For the first task, we develop new techniques to learn parameterisations of
classes of systems, including quantum Gibbs states of non-commuting
Hamiltonians with exponential decay of correlations and the approximate Markov
property. We show it is possible to infer the expectation values of all
extensive properties of the state from a number of copies that not only scales
polylogarithmically with the system size, but polynomially in the observable's
locality -- an exponential improvement. This set of properties includes
expected values of quasi-local observables and entropies.
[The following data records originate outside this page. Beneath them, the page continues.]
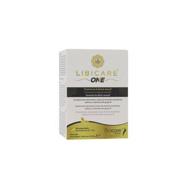 LIBICARE® ONE es un complemento alimenticio a base de extractos de plantas, selenio y vitaminas del grupo B, diseñado para mejorar la función sexual en mujeres con bajo deseo. Estudios han mostrado aumentos significativos de testosterona libre y mejoras en el deseo, excitación, lubricación, orgasmo y satisfacción sexual, con una tendencia a la disminución del dolor durante las relaciones.
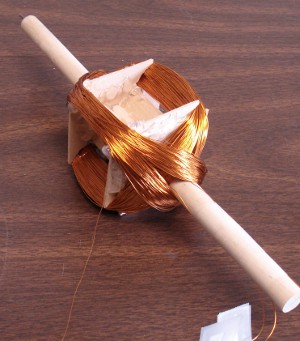 We chose 30 gauge (30AWG) magnet wire and used about 1,000 turns in each coil. This was more turns of wire, and heavier than most motors we've seen. There are some great looking motors online that use as little as 100 turns. That's a good thing if you don't want to use such big magnets - our floating piece weighed in at half a pound. Copper is heavy!
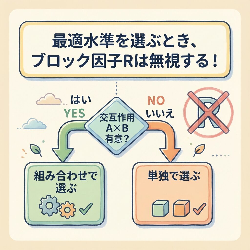 【ルール1】ブロック因子Rは最適水準の選択に使わない
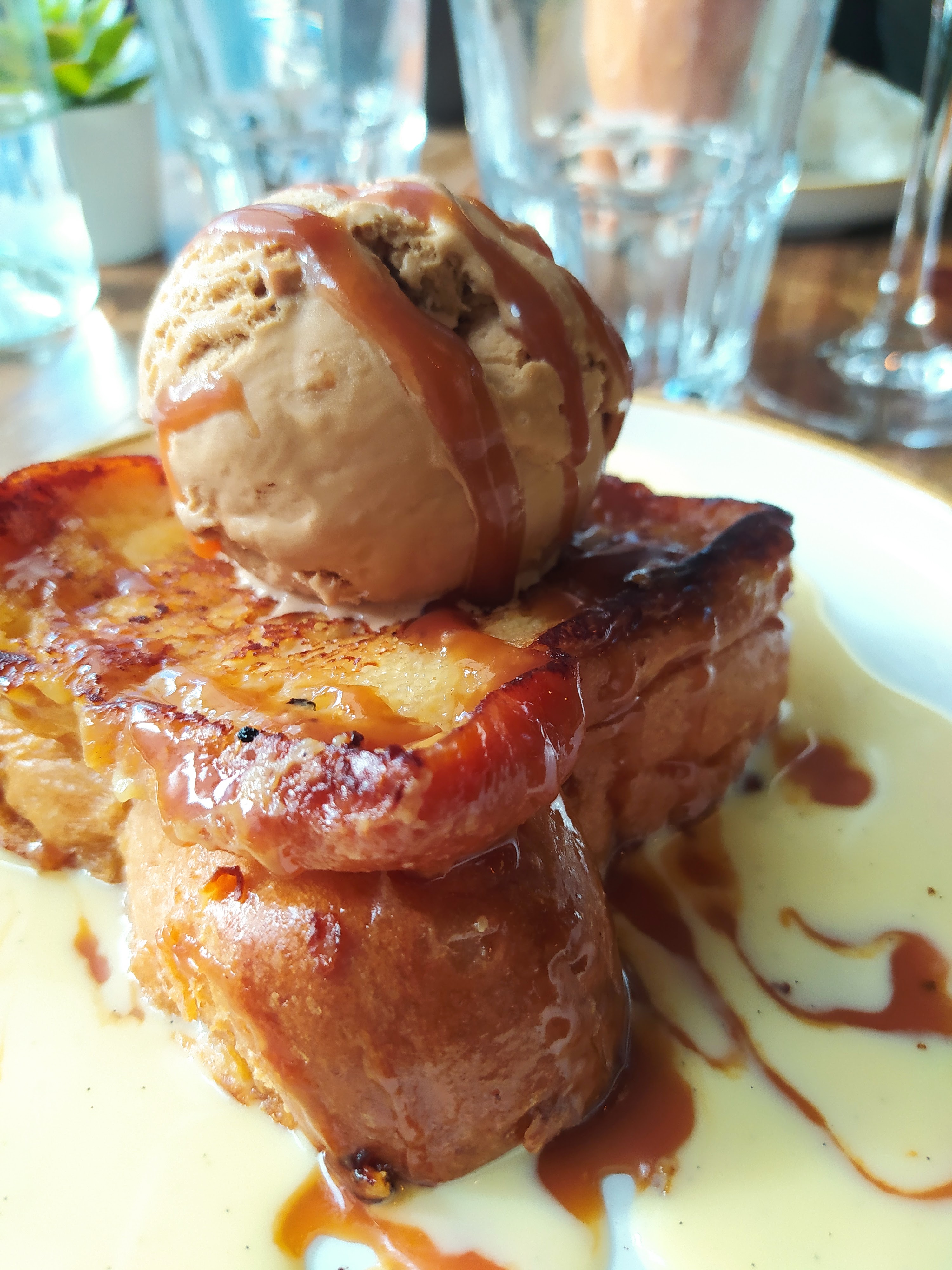 Un repas de bonne qualité avec notamment en dessert une brioche façon pain perdu à tomber accompagnée de glace au caramel et d'une crème anglaise
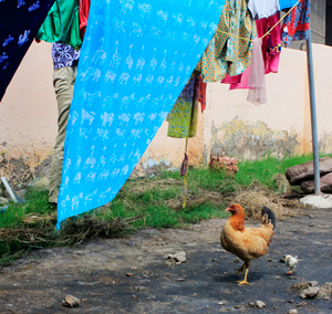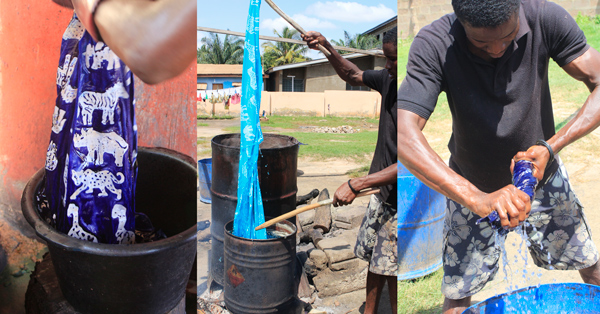 しかし、ガーナには昔ながらの手染めで臈纈防染されたテキスタイルが今なおつくられているのです。
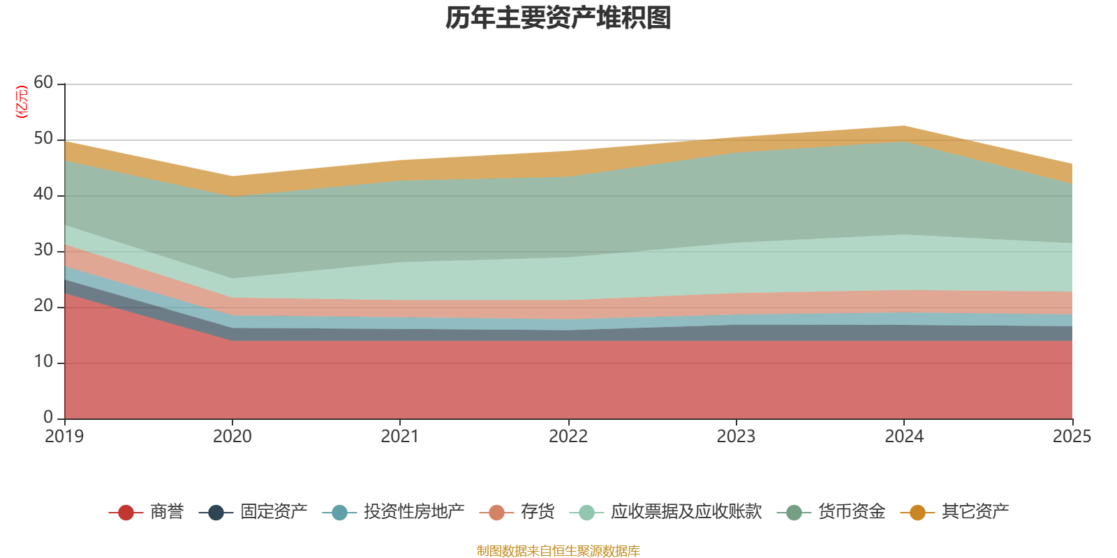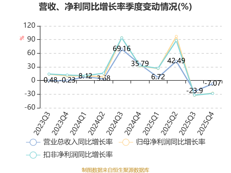 资产重大变化方面,截至2025年末,公司货币资金较上年末减少36.04%,占公司总资产比重下降8.4个百分点;商誉较上年末没有变化,占公司总资产比重上升3.97个百分点;交易性金融资产合计占公司总资产的1.75%,上年末为0;存货较上年末增加1.72%,占公司总资产比重上升1.3个百分点。

For the second task, we develop efficient algorithms for learning observables
in a phase of matter of a quantum system. By exploiting the locality of the
Hamiltonian, we show that $M$ local observables can be learned with probability
$1-\delta$ to precision $\epsilon$ with using only
$N=O\big(\log\big(\frac{M}{\delta}\big)e^{polylog(\epsilon^{-1})}\big)$ samples
-- an exponential improvement on the precision over previous bounds. Our
results apply to both families of ground states of Hamiltonians displaying
local topological quantum order, and thermal phases of matter with exponential
decay of correlations. In addition, our sample complexity applies to the worse
case setting whereas previous results only applied on average.
Furthermore, we develop tools of independent interest, such as robust shadow
tomography algorithms, Gibbs approximations to ground states, and
generalisations of transportation cost inequalities for Gibbs states.